Si Dios lo ha hecho en el cielo, es nuestro derecho legal. Tenemos el título de propiedad. ¡No hay lucha! ¡Podemos hacer el trabajo! ¡Podemos curar a los enfermos! ¡Podemos expulsar demonios!

ES HORA DE OPERAR EN EL
¡LA MISMA MANIFESTACIÓN QUE JESÚS!

¡Es hora de que crezcamos hasta alcanzar la madurez completa, tomemos el título de propiedad en nuestras manos y tomemos plena posesión de nuestra herencia como hijos e hijas del Dios viviente!

Es hora... no más dudas... ¡no más vacilaciones! Dios nos está llevando a una experiencia en la que hay una manifestación sobrenatural de Su fe operando dentro de nosotros.

Si necesitas sanación en tu cuerpo ahora mismo, no busques sanación. No trates de producir suficiente fe para que puedas creer en tu sanidad. Recibe la promesa de Dios de sanidad en tu espíritu y actuar sobre eso

Los diez leprosos que vinieron a Jesús fueron

curado como ellos actuado en obediencia al mandato de Cristo: "Id, mostraos a los sacerdotes". Fueron sanados MIENTRAS VAN (Lucas 17:14).

Peter recibió el dinero para pagar impuestos mientras actuado en obediencia al mandato de Cristo: “Ve al mar, echa el anzuelo y recoge el pez que primero suba” (Mateo 17:27).
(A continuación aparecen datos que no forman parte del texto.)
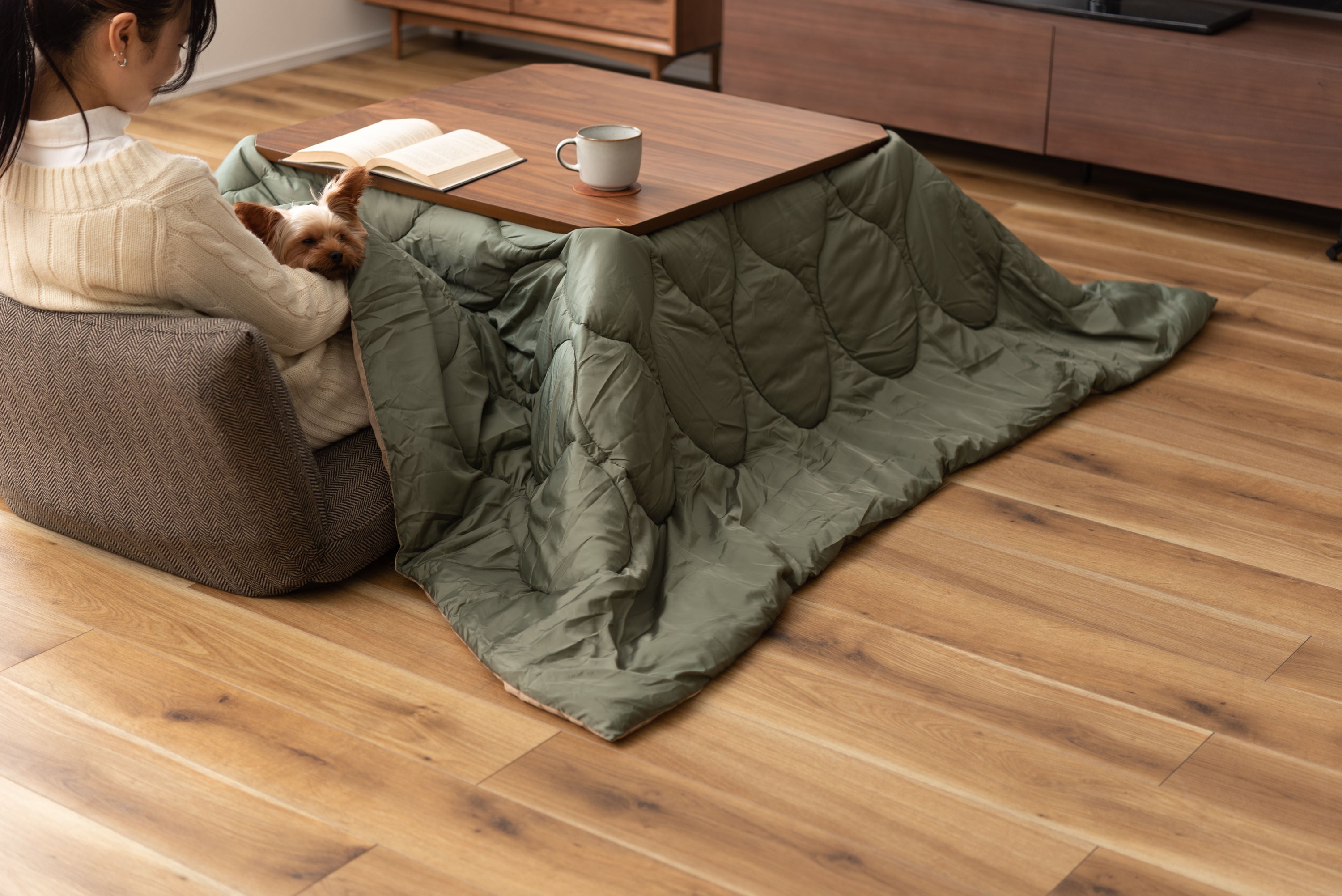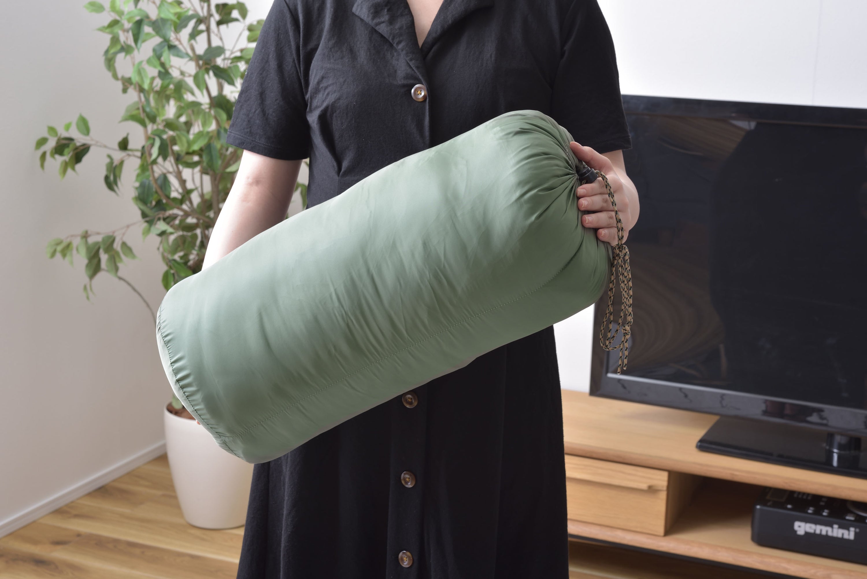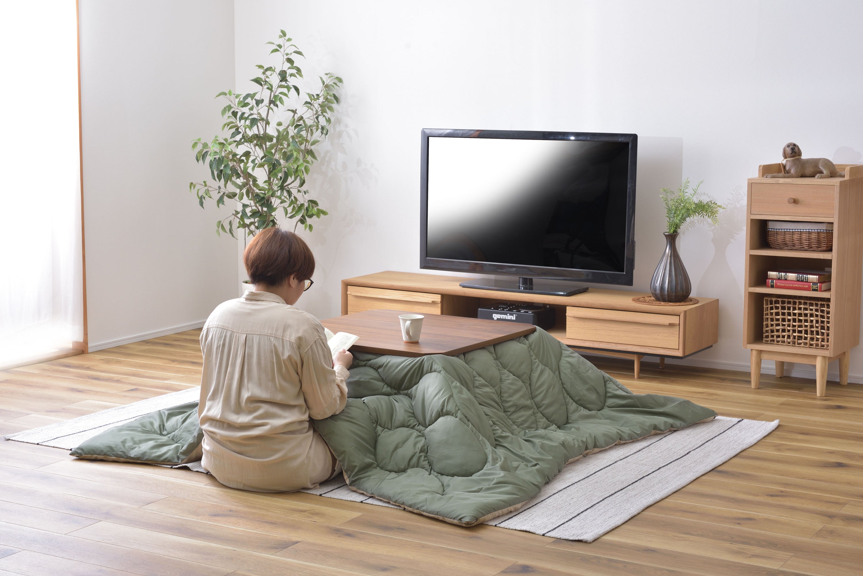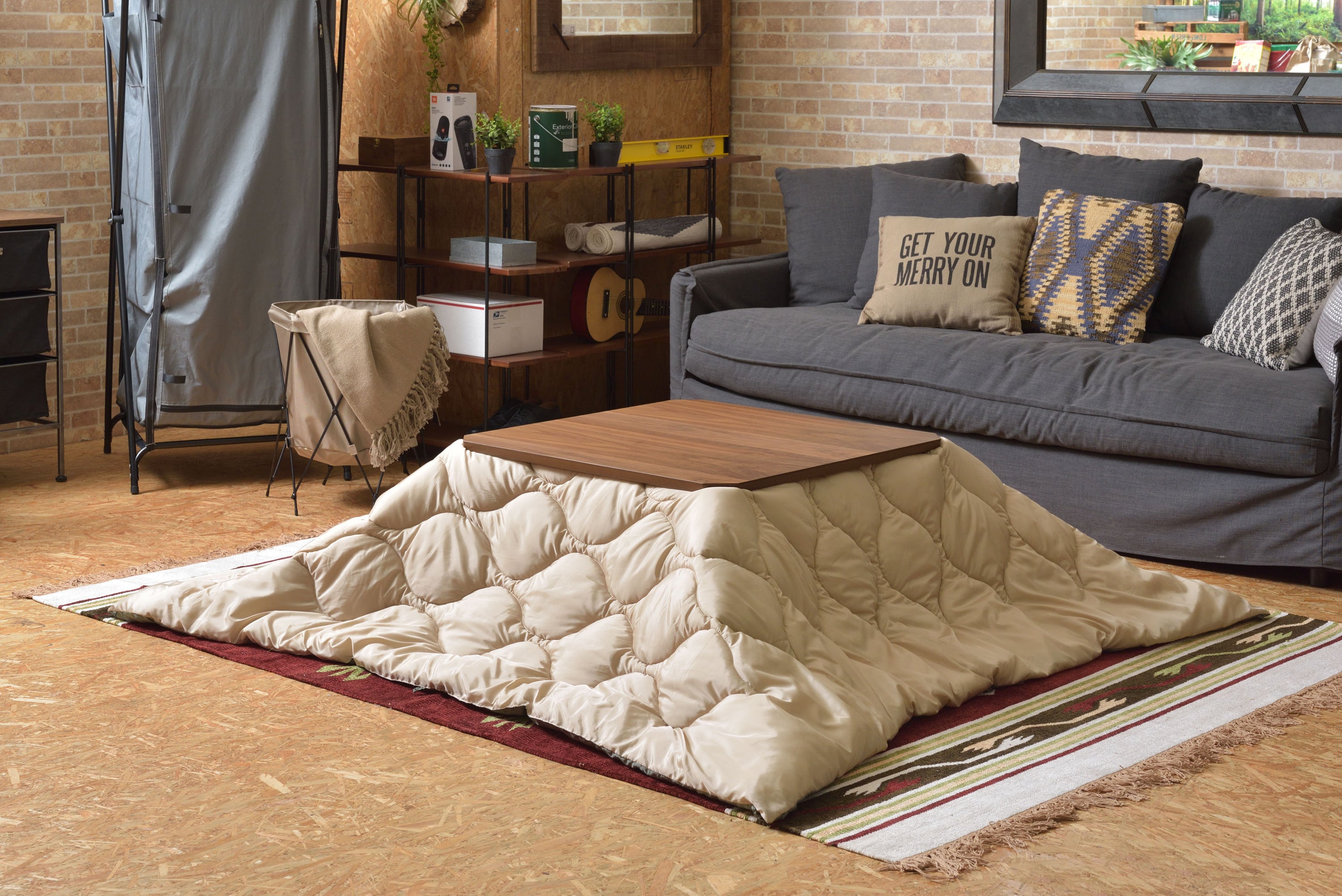 撥水加工を施したコタツ布団は、飲み物をこぼした時など汚れを弾くのでお手入れカンタン。 持ち運びに便利な寝袋のような収納バック付で、キャンプなどのアウトドアでも活躍します。
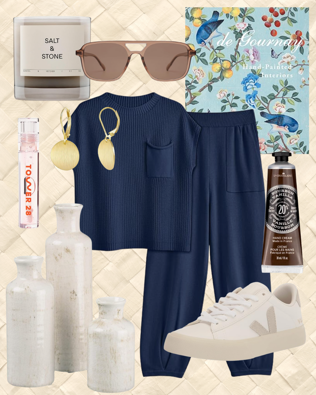 When I’m working, I want to be chic and comfortable and I really do depend on sets from Amazon for my everyday looks. I like to have a candle burning and create an ambience that’s conducive to being creative. I have a drawer by the bed and by the sofa in my den with hand lotion and lip balm and I often have a beautiful book near by so that I can flip through when I’m feeling uninspired! It really does help so much to take a break and look at something beautiful! I’m convinced that a big part of having a great day is planning ahead and having what you need at your fingertips!

El hombre de la mano seca fue sanado cuando actuado en obediencia al mandato de Cristo: “Extiende tu mano” (Marcos 3:5).

Los discípulos pescaron una cantidad milagrosa de peces mientras actuado en obediencia al mandato de Cristo: “Bombard mar adentro, y echad vuestras redes para la pesca” (Lucas 5:4).

El hombre impotente junto al estanque de Betesda, que había estado enfermo treinta y ocho años, fue sanado mientras actuado en obediencia al mandato de Cristo: “Levántate, toma tu camilla y anda” (Juan 5:8).

El ciego fue sanado mientras actuado por orden de Cristo: "Ve y lávate en el estanque de Siloé". Cuando se lavó los ojos, sus ojos fueron abiertos (Juan 9:7).

Independientemente de cuáles sean tus necesidades y de lo imposibles que te parezcan: Dios te ha dado una fe poderosa, VIVA y sobrenatural que no flaquea y que nunca deja de producir resultados.

Dilo en alto:

“¡Dios ha puesto dentro de mí su fe sobrenatural que es capaz de mover montañas, que hace posible lo imposible, que nunca flaquea, que nunca deja de producir resultados! A medida que lo libere y actúe según las promesas de Dios, ¡recibiré TODO lo que pida!

A partir de este momento, deja que cada lucha en tu vida para producir fe para creerle a Dios por las cosas que necesitas… ¡CESE!

¡Recibe la revelación de que Dios ha puesto Su fe sobrenatural dentro de ti!

¡SACA tu fe de Jesús, quien es el Autor y Consumador de tu fe!

Toma el TÍTULO DE TÍTULO que Dios ha puesto en tus manos y toma posesión de las cosas que necesitas.

VIVE cada día de tu vida por la fe de Jesucristo dentro de ti.

Este mes, mi oración por ti es que llegues a comprender plenamente esta fe sobrenatural que Dios te ha dado y que comiences a apropiarte de ella en tu vida.